Booting an Operating System
How do you run that first program?
January 26, 2015
An operating sytem is sometimes described as “the first program,” one that allows you to run other programs. However, it is usually stored as a file (or, more commonly, a collection of files) on a disk. How does this “first” program get to run?
The operating system is loaded through a bootstrapping process, more succinctly known as booting. A boot loader is a program whose task is to load a bigger program, such as the operating system.
When you turn on a computer, its memory is usually uninitialized. Hence, there is nothing to run. Early computers would have hardware that would enable the operator to press a button to load a sequence of bytes from punched cards, punched paper tape, or a tape drive. Switches on the computer’s front panel would define the source of the data and the target memory address. In some cases, the boot loader software would be hard wired as non-volatile memory (in early computers, this would be a grid of wires with cuts in the appropirate places where a 0-bit was needed).
In early minicomputer and microcomputer systems systems, a computer operator would use the switches on the computer’s front panel to toggle in the code to load in a bigger program, programming each memory location and then starting the program. This program might do something basic such as read successive bytes into memory from a paper tape attached to a teletype.
In later systems, read-only memory would contain a small bootloader that would have basic intelligence to read, say, the first sector (512 bytes) of a disk.
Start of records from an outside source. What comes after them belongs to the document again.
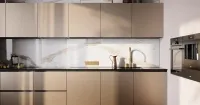Фасады из МДФ с металлическим Bronzo QB 49 и акцентами черной эмали — брутальный шик, игра света на бронзе и графичные контрасты. Современная кухня с характером.
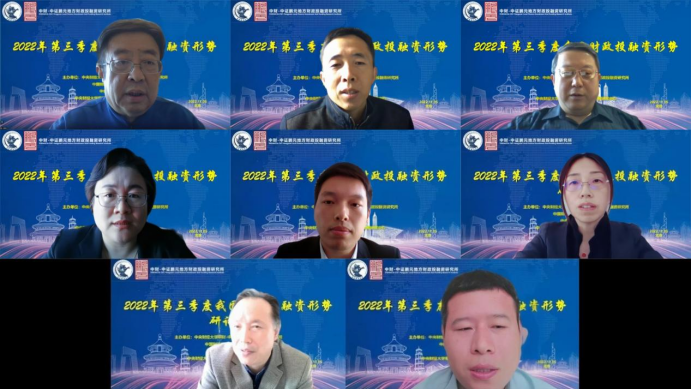 2022年11月5日,由永利集团官网中财-中证鹏元地方财政投融资研究所、中国财政发展协同创新中心、永利集团官网总站、永利集团官网粤港澳大湾区研究院财税研究中心联合主办的2022年第三季度我国财政投融资形势线上研讨会成功举办。来自中国人民大学、中国财政科学研究院、永利集团官网、中财-中证鹏元地方财政投融资研究所、中证鹏元资信评估股份有限公司的专家学者进行了发言。来自全国各地的专家学者、员工,以及社会各界人士13000多人通过腾讯会议、百度直播参加了研讨会。
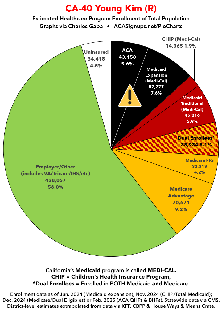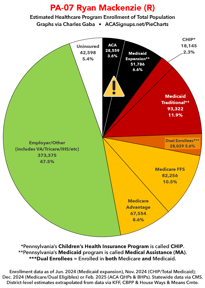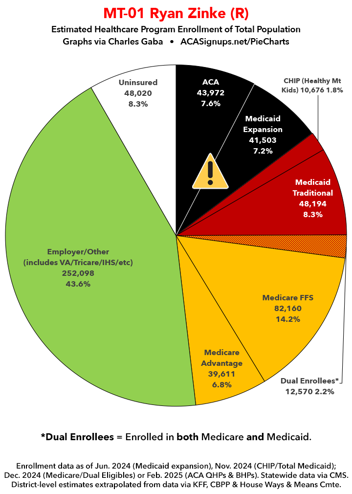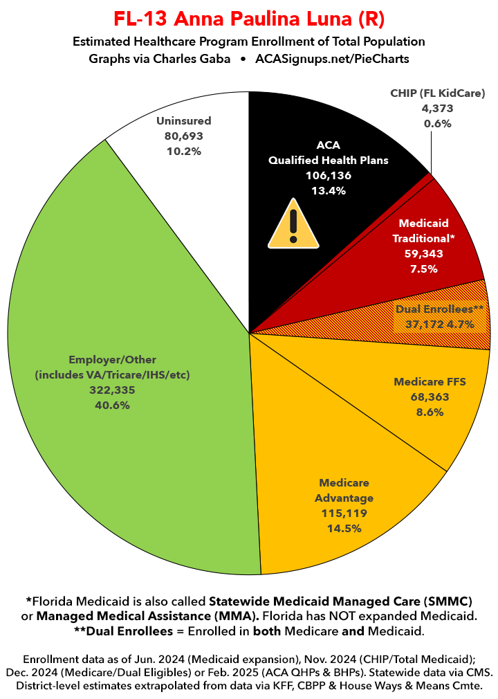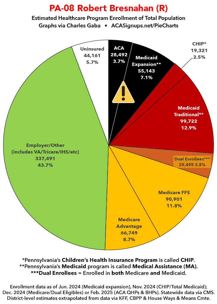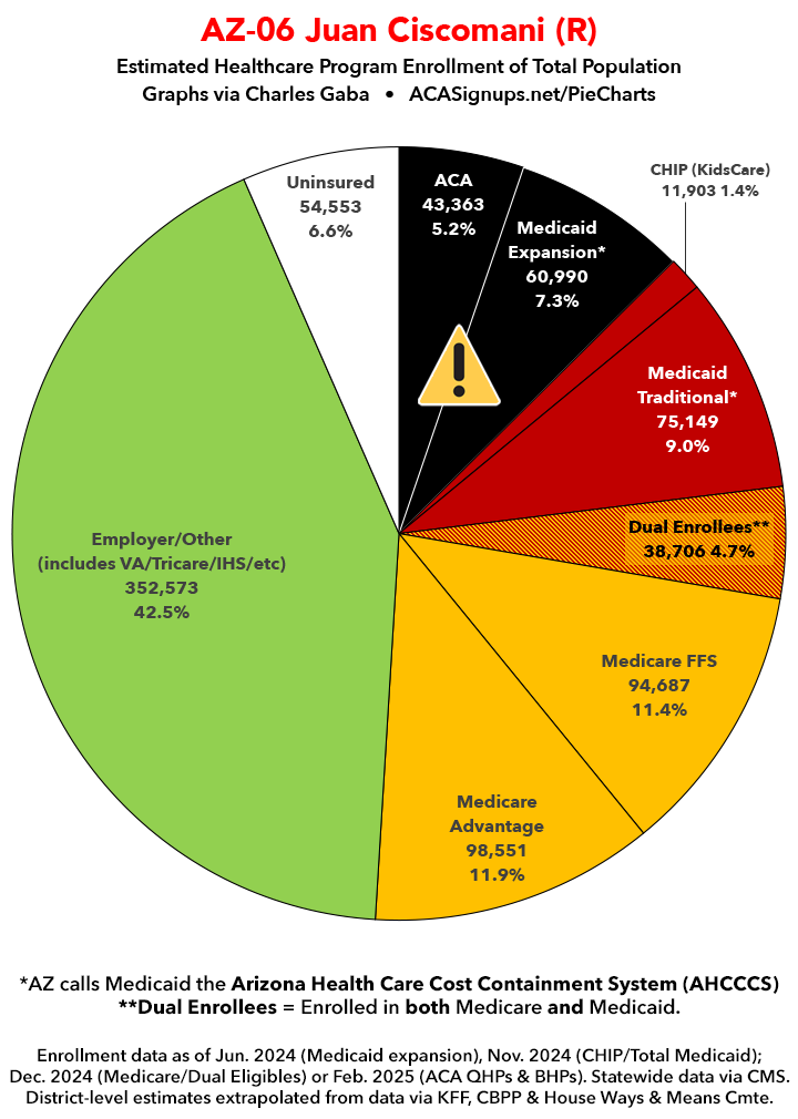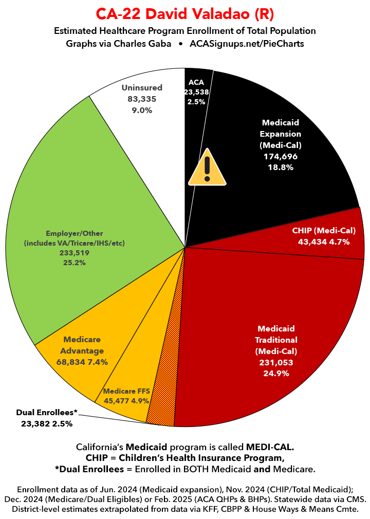 Below I've posted district-wide healthcare coverage enrollment estimates for all 29 of these House districts for reference. On average, at least 11.7% of their total populations (1 out of every ~8.5 residents) is at risk of losing healthcare coverage assuming a) the #MedicaidMassacre bill passes & is implemented and b) the GOP-controlled Congress fails to extend the improved federal APTC subsidies included in the Inflation Reduction Act (IRA) several years ago beyond 2025.

Since this initial program had to be as small as possible, it would have minimal capabilities. What often happened is that the boot loader would load another boot loader, called a second stage loader, which was more sophisticated. This second stage loader would have error checking, among possibly other features, such as giving the user a choice of operating systems to boot, the ability to load diagnostic software, or enabling diagnostic modes in the operating system. This multi-stage boot loader, having a boot loader load a bigger boot loader, is called chain loading.
The boot loader will often perform some core initialization of the system hardware and will then load the operating system. Once the operating system is loaded, the boot loader transfers control to it and is no longer needed. The operating system will initialize itself, configure the system hardware (e.g., set up memory management, set timers, set interrupts), and load device drivers, if needed.
Intel-based (IA–32) startup
To make the example of the boot process concrete, let us take a look at 32-bit Intel-compatible PCs (we’ll get to 64-bit systems in a bit). This architecture is known as IA–32 (Intel Architecture, 32-bit) and defines the instruction set of most Intel microprocessors since the Intel 80386 that was introduced in 1986. It is still supported on Intel’s latest processors.
An IA–32-based PC is expected to have a BIOS (Basic Input/Output System, which comprises the bootloader firmware) in non-volatile memory (ROM in the past and NOR flash memory these days). The BIOS is a descendent of the BIOS found on early CP/M systems in that it contains low-level functions for accessing some basic system devices, such as performing disk I/O, reading from the keyboard, and accessing the video display. It also contains code to load a stage 1 boot loader.
When the CPU is reset at startup, the computer starts execution at
0xffff0 (the IA–32 architecture uses a
segment:offset form of addressing; the code segment is set to
0xf000 and the instruction pointer is set to
The processor starts up in real mode, which gives it access to
only a 20-bit memory address space and provides it with direct access to
I/O, interrupts, and memory (32-bit addressing and virtual memory
comes into play when the processor is switched to protected mode).
The location at
0xffff0 is actually at the end of the
BIOS ROM and contains a jump instruction to a region of the
BIOS that contains start-up code.
Upon start-up, the BIOS goes through the following sequence:
- Power-on self-test (POST)
- Detect the video card’s (chip’s) BIOS and execute its code to initialize the video hardware
- Detect any other device BIOSes and invoke their initialize functions
- Display the BIOS start-up screen
- Perform a brief memory test (identify how much memory is in the system)
- Set memory and drive parameters
- Configure Plug & Play devices (traditionally PCI bus devices)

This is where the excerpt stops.